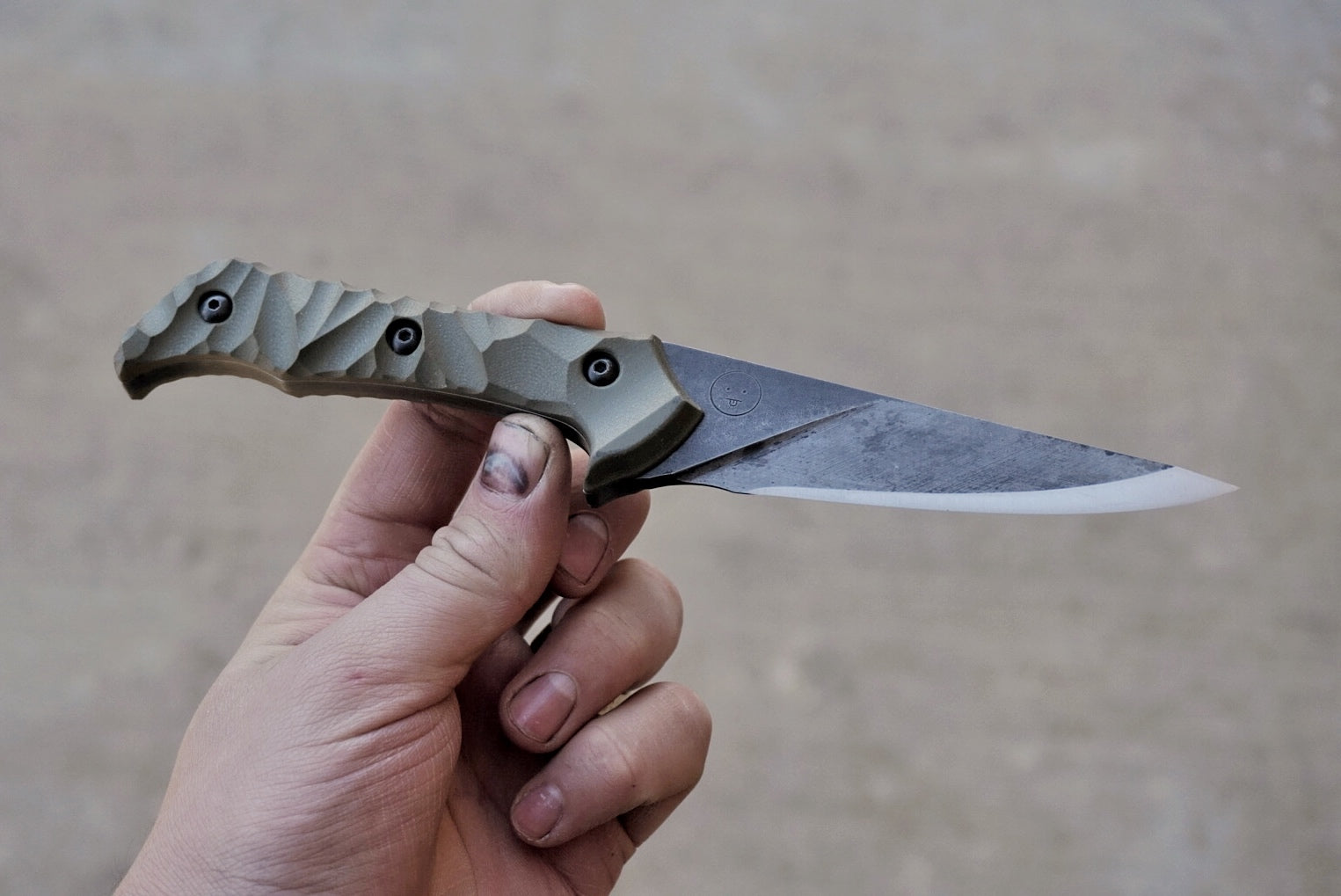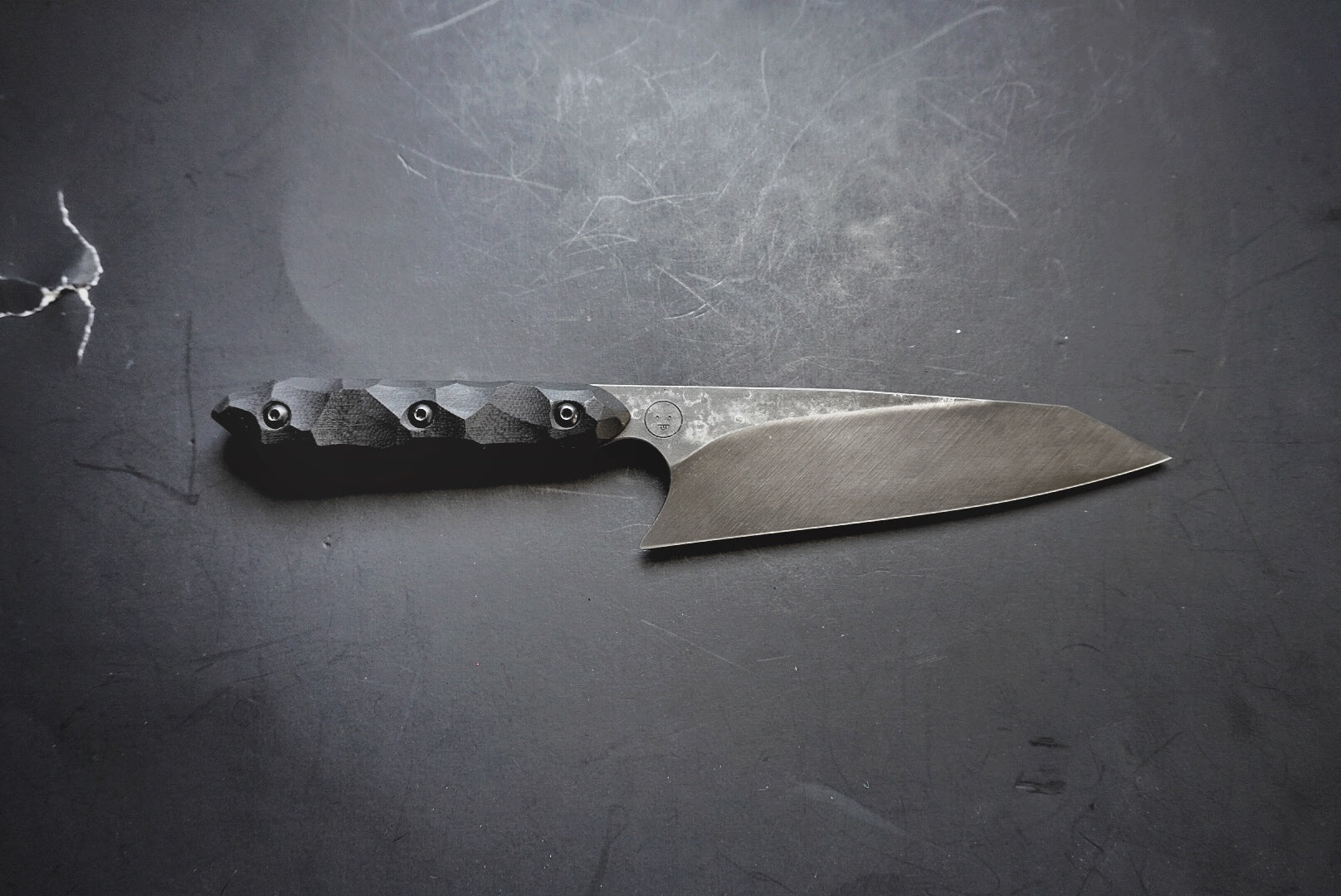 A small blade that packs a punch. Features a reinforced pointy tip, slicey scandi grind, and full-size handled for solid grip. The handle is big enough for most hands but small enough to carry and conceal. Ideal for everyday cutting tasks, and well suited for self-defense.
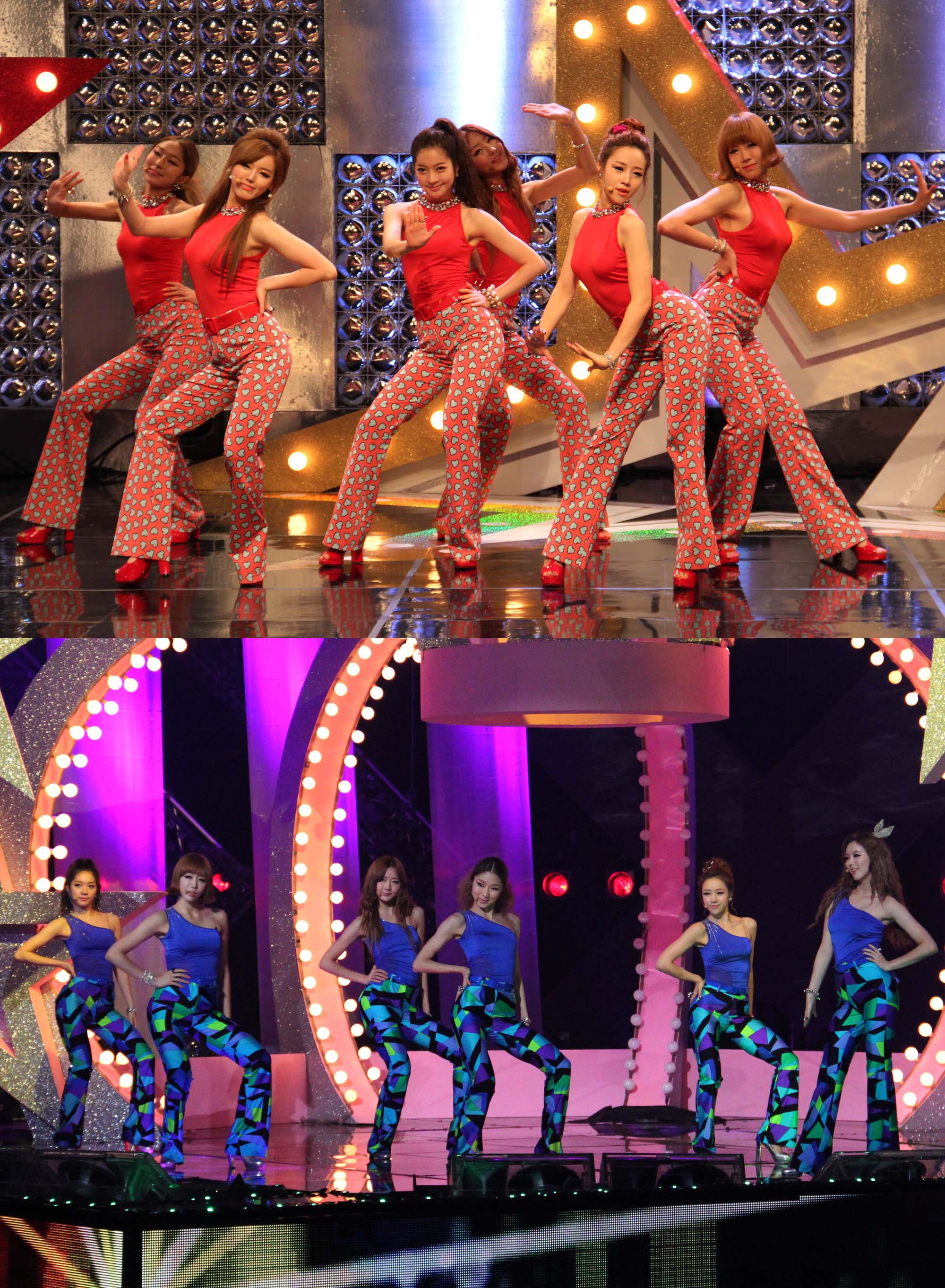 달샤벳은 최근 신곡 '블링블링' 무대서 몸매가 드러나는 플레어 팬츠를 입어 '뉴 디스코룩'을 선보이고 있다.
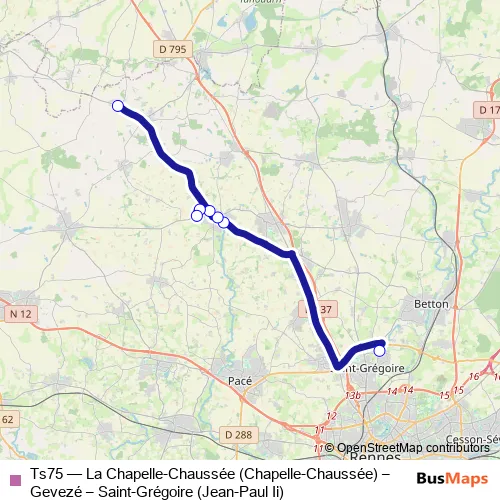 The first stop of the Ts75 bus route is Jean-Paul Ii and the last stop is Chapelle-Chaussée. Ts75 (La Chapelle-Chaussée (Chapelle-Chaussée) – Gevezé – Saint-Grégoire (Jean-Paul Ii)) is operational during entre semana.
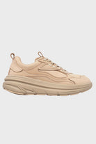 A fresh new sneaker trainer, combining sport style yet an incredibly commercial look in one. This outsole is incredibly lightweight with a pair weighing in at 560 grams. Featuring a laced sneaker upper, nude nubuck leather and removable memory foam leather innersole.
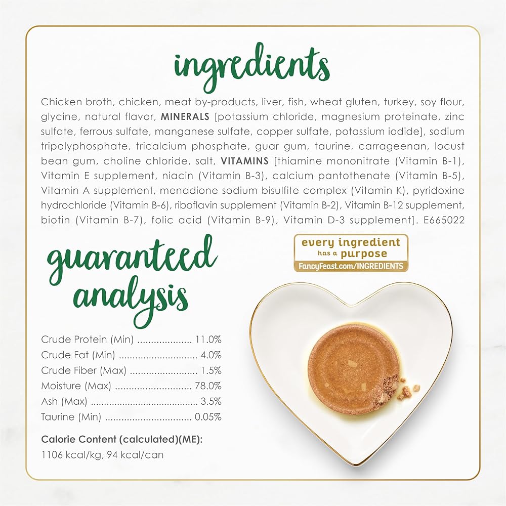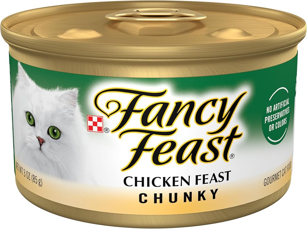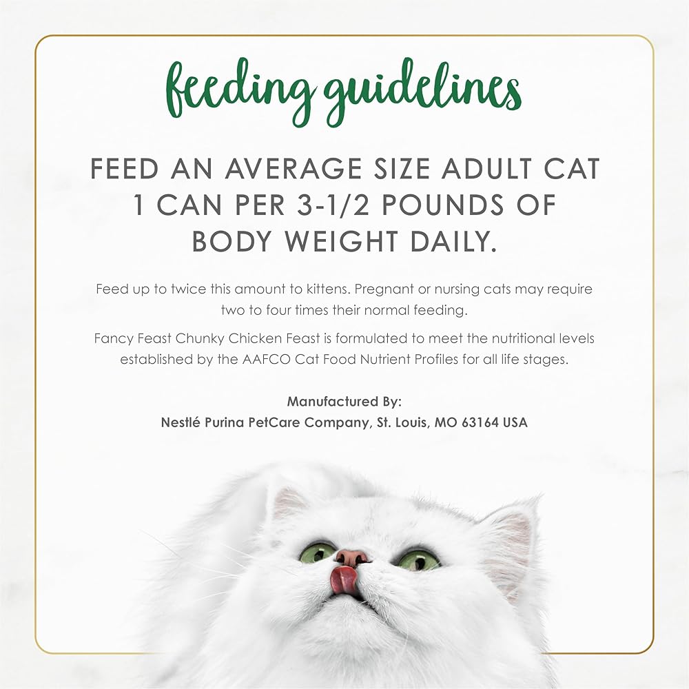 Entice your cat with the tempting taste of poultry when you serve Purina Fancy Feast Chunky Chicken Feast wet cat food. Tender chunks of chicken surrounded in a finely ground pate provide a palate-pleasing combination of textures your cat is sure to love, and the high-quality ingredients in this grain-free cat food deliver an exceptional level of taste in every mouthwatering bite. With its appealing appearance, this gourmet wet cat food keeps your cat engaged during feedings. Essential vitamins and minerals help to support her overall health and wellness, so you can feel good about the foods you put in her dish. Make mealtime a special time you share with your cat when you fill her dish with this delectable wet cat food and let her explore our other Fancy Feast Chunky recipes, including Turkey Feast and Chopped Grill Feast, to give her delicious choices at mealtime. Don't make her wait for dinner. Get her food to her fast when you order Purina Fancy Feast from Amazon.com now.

▬▬▬▬▬▬

**Work required**.
Without the pictures, write out the lines from the beginning of the entries through the line with "The first stop".

**Response area**.
 A small blade that packs a punch. Features a reinforced pointy tip, slicey scandi grind, and full-size handled for solid grip. The handle is big enough for most hands but small enough to carry and conceal. Ideal for everyday cutting tasks, and well suited for self-defense.
 달샤벳은 최근 신곡 '블링블링' 무대서 몸매가 드러나는 플레어 팬츠를 입어 '뉴 디스코룩'을 선보이고 있다.
 The first stop of the Ts75 bus route is Jean-Paul Ii and the last stop is Chapelle-Chaussée. Ts75 (La Chapelle-Chaussée (Chapelle-Chaussée) – Gevezé – Saint-Grégoire (Jean-Paul Ii)) is operational during entre semana.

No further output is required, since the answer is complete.